In emphasizing the five objectives sketched above we seek to redirect and consolidate our energies rather than to set out into wholly unfamiliar territory. Many existing departments and programs at the College--especially our interdisciplinary and other extra-departmental programs--would benefit from additional support. We will work to add resources where there is a demonstrated need, a record of strong performance, and a compelling curricular agenda that will help us meet our objectives. Our work in the coming years will involve striking a number of balances: between excellent existing programs and bold new initiatives; between disciplinary and interdisciplinary studies; between theoretical and practical learning.
         We also propose to establish a limited number of "centers" to encourage innovation between and within existing departments and programs.

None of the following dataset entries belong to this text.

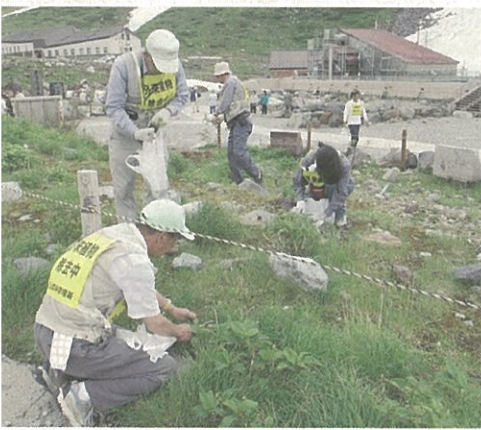
移入植物の除去の様子

室堂平では、チングルマやイワカガミ等が咲くなかでセイヨウタンポポ等の除去を行っている観光客から「ご苦労さま」との声をいただき、気持ちも新たに熱心に作業は続き、当日の作業でセイヨウタンポポやシロツメクサ等約千五百株を除去しました。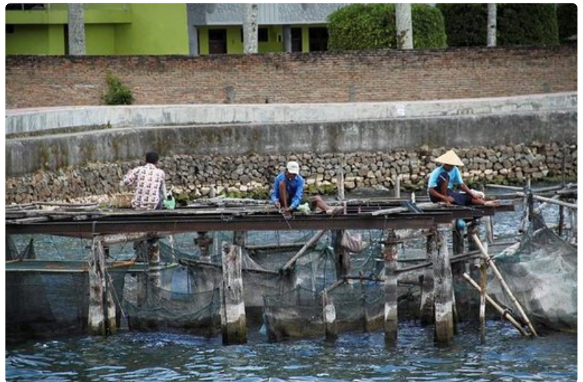
Kalastus ja kalankasvatus ovat tärkeitä elinkeinoja Lake Toballa.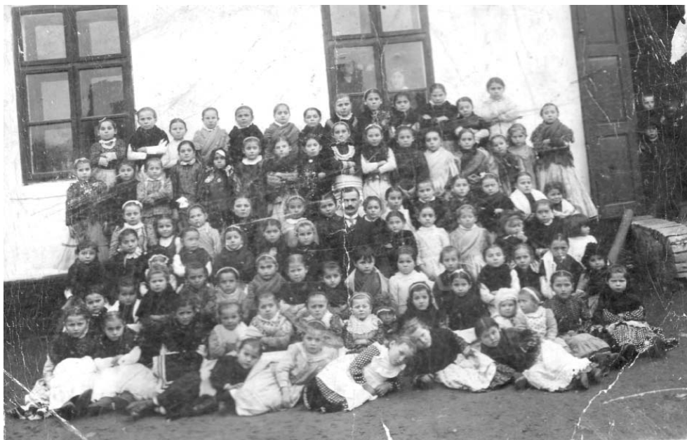
Elevii școlii din Covăsânt în perioada interbelică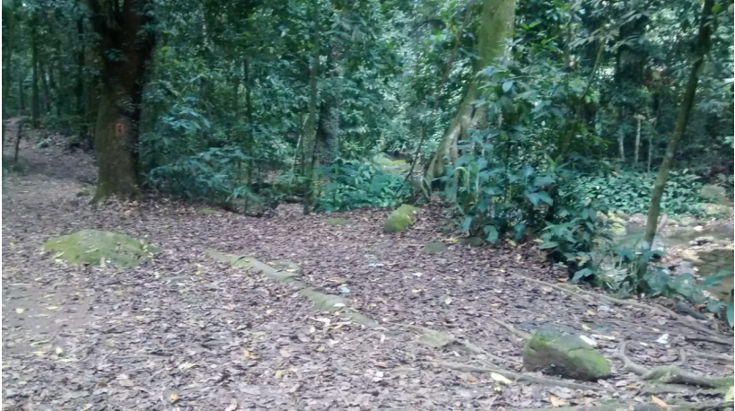
Figura 17: Local de realização da 2ª parada para discussão.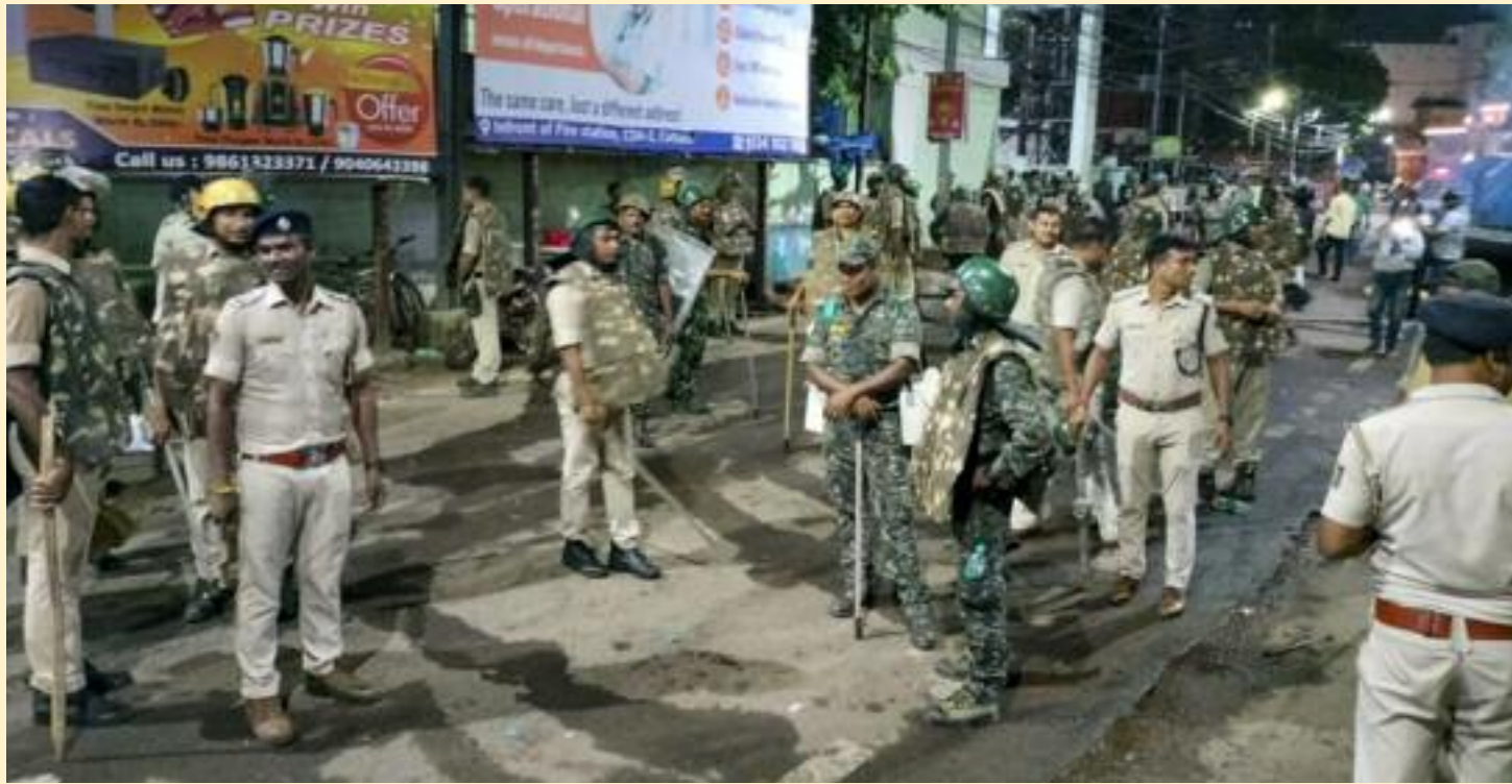
ਵਿਵਸਥਾ ਦੀ ਸਥਿਤੀ ਨੂੰ ਦੇਖਦਿਆਂ ਰਾਜ ਸਰਕਾਰ ਨੇ ਕਟਕ ਨਗਰ ਨਿਗਮ, ਕਟਕ ਵਿਕਾਸ ਅਥਾਰਟੀ (ਸੀ ਡੀ ਏ) ਅਤੇ ਨਾਲ ਲੱਗਦੇ 42 ਮੌਜ਼ਾ ਖੇਤਰ ਦੇ ਅਧੀਨ ਆਉਂਦੇ ਇਲਾਕਿਆਂ ਵਿੱਚ ਐਤਵਾਰ ਮੁਅੱਤਲ ਕਰ ਦਿੱਤੀਆਂ ਹਨ। ਸ਼ਾਮ 7 ਵਜੇ ਤੋਂ ਸੋਮਵਾਰ ਸ਼ਾਮ 7 ਵਜੇ ਤੱਕ ਇੰਟਰਨੈੱਟ ਸੇਵਾਵਾਂ ਅਧਿਕਾਰੀਆਂ ਅਨੁਸਾਰ ਜਦੋਂ ਪੁਲੀਸ ਨੇ ਵਿਸ਼ਵ ਹਿੰਦੂ ਪਰਿਸ਼ਦ

ਕਟਕ/ਭੁਬਨੇਸ਼ਵਰ। ਦੁਰਗਾ ਮੁਰਤੀ ਜਲ ਪ੍ਰਵਾਹ ਕਰਨ ਦੌਰਾਨ ਦੋ ਦਿਨ ਪਹਿਲਾਂ ਦੇ ਧੜਿਆਂ ਵਿਚਾਲੇ ਹੋਈ ਹਿੰਸਾ ਮਗਰੋਂ ਅੱਜ ਤਾਜ਼ਾ ਘਟਨਾਵਾਂ ਕਾਰਨ ਮਾਹੌਲ ਮੁੜ ਤਣਾਅਪੂਰਨ ਬਣ ਗਿਆ। ਇਸ ਦੌਰਾਨ ਉੜੀਸਾ ਦੇ ਮੁੱਖ ਮੰਤਰੀ ਮੋਹਨ ਚਰਨ ਮਾਝੀ ਅਤੇ ਬੀ ਜੇ ਡੀ ਮੁਖੀ ਨਵੀਨ ਪਟਨਾਇਕ ਨੇ ਨਾਗਰਿਕਾਂ ਨੂੰ ਫਿਰਕੂ ਸਦਭਾਵਨਾ ਬਣਾਈ ਰੱਖਣ ਦੀ ਅਪੀਲ ਕੀਤੀ ਹੈ। ਮੁੱਖ ਮੰਤਰੀ ਮਾਝੀ ਅਤੇ ਪਟਨਾਇਕ ਦੀ ਇਹ ਅਪੀਲ ਸ਼ਾਮ ਨੂੰ ਵਿਸ਼ਵ ਹਿੰਦੂ ਪਰਿਸ਼ਦ (ਵੀ ਐੱਚ ਪੀ) ਵੱਲੋਂ ਜ਼ਿਲ੍ਹਾ ਪ੍ਰਸ਼ਾਸਨ ਦੇ ਹੁਕਮਾਂ ਦੀ ਉਲੰਘਣਾ ਕਰਦਿਆਂ ਮੋਟਰਸਾਈਕਲ ਰੈਲੀ ਕਰਨ ਤੋਂ ਬਾਅਦ ਆਈ ਹੈ। ਵੀ ਐੱਚ ਪੀ ਨੇ ਝੜਪ ਦੇ ਵਿਰੋਧ ਵਿੱਚ 6 ਅਕਤੂਬਰ ਨੂੰ ਸ਼ਹਿਰ ਵਿੱਚ 12 ਘੰਟੇ ਦੇ ਬੰਦ ਦਾ ਸੱਦਾ ਦਿੱਤਾ ਹੈ। ਮੌਜੂਦਾ ਕਾਨੂੰਨ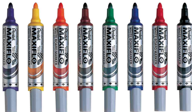
Marqueur pour tableau blanc MAXIFLO MWL5M

Pour effacer aussi les écritures faites avec les marqueurs permanents pour tableaux blancs: écrire dessus et effacer à sec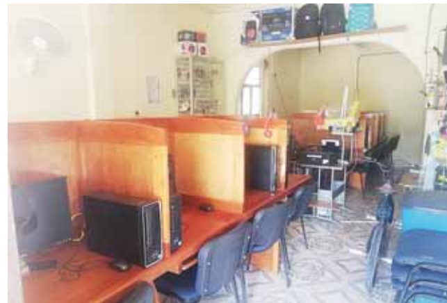
► El establecimiento que fue robado.

unos pasos del plantel de Nivel Medio Superior (CBTis 31) cuando, como siempre,

The hallmark of these interrelated centers will be their flexibility, their ability to adapt to changing circumstances. They will not be permanent departments or programs; faculty will not hold appointments in them; they will not offer majors. Rather they are intended to address the immobility plaguing institutions of higher education in general, an immobility created both by a continuing departmental structure that maintains a nineteenth-century vision of the academy and by a response to the limitations of that vision which resulted in establishing nondepartmental programs. As access to information has expanded and as meaningful challenges have been posed to the nineteenth-century order of knowledge, we have tended to generate new quasi-departments at each disciplinary intersection or in each new area of inquiry. In the current environment, with little more than one hundred tenure-track or tenured faculty and more than thirty majors, we can no longer persist in generating new, but nonetheless equally rigid, administrative structures as fields evolve and emerge. Simply put, a practice of unbounded addition with no attendant subtraction is not viable. Rather, we need to create flexible ways to develop and maintain an innovative edge in the extra-curricular intellectual life of the College and in the curriculum itself. The proposed centers are designed to prompt ongoing change.
         At a minimum, a center might consist of a part-time director drawn from the faculty, an inclusive steering committee made up of colleagues from a variety of disciplines, and sufficient staffing to provide administrative and clerical support. At a maximum, a center might also welcome postdoctoral fellows, visiting scholars, and visiting professionals on short term or one-year appointments. Each center would require a seminar room and offices. Most of these needs for space can be met within the square footage gained through the conversion to instructional and office space of the currently unused Bettws-y-Coed and through programming the proposed centers into the renovations of Dalton and Thomas.
         Each center would create a community-wide forum through scheduling conferences, lectures, and colloquia. Topics might be usefully clustered around a broad theme each year with an eye to maintaining focus and to assuring engagement with the most meaningful scholarship in a variety of disciplines. A center might define a research agenda, produce publications and seek external funding; it might enhance curricular development in departments and programs (including the College Seminar Program) that is consonant with the mission of the center; it might advise students--both undergraduate and graduate--who wish to pursue related independent majors, double majors, minors, or research programs; it might direct students to relevant internship opportunities. The centers are intended to strengthen existing departments and programs, not compete with them. They will open doors between departments and schools with graduate programs and those without; they will connect further the intellectual experiences of undergraduates with those of graduate students; they will foster collaboration with colleagues at Haverford, Swarthmore, and the University of Pennsylvania. Most important, each center will coordinate the activities of the various departments and offices on campus whose work might effectively contribute to advancing its goals. By adding fresh interest and vitality to programs at all levels, the centers will enhance our ability to recruit the best students.
         Faculty groups have proposed four centers to date, and their proposals have been discussed and preliminarily endorsed by the Committee on Academic Priorities. In each of the brief descriptions that follow, we resisted the temptation to specify the programs and departments that might participate, as we would risk being inadvertently exclusive while describing an initiative that seeks to foster inclusive collaboration. A computer scientist, for example, could have a lot to say about visual culture, a philosopher about the ethics of global politics, or a literary critic about environmental imperatives.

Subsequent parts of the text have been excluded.